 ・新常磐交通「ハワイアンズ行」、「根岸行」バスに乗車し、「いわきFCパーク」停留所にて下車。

__________

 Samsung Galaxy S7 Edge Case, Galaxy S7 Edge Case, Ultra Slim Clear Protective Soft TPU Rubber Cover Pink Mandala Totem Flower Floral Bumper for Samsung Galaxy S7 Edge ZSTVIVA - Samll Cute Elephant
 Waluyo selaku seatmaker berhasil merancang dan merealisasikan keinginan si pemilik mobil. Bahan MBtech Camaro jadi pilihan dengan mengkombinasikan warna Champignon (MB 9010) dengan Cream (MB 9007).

__________

• _DESCRIPTION OF THE TASK_
What you return must be an exact retyping of the lines above starting at the line with "Samsung Galaxy S7 Edge Case, Galaxy" and ending at the line with "Waluyo selaku seatmaker", and nothing besides.

• _OUTPUT OF THE TASK_
 Samsung Galaxy S7 Edge Case, Galaxy S7 Edge Case, Ultra Slim Clear Protective Soft TPU Rubber Cover Pink Mandala Totem Flower Floral Bumper for Samsung Galaxy S7 Edge ZSTVIVA - Samll Cute Elephant
 Waluyo selaku seatmaker berhasil merancang dan merealisasikan keinginan si pemilik mobil. Bahan MBtech Camaro jadi pilihan dengan mengkombinasikan warna Champignon (MB 9010) dengan Cream (MB 9007).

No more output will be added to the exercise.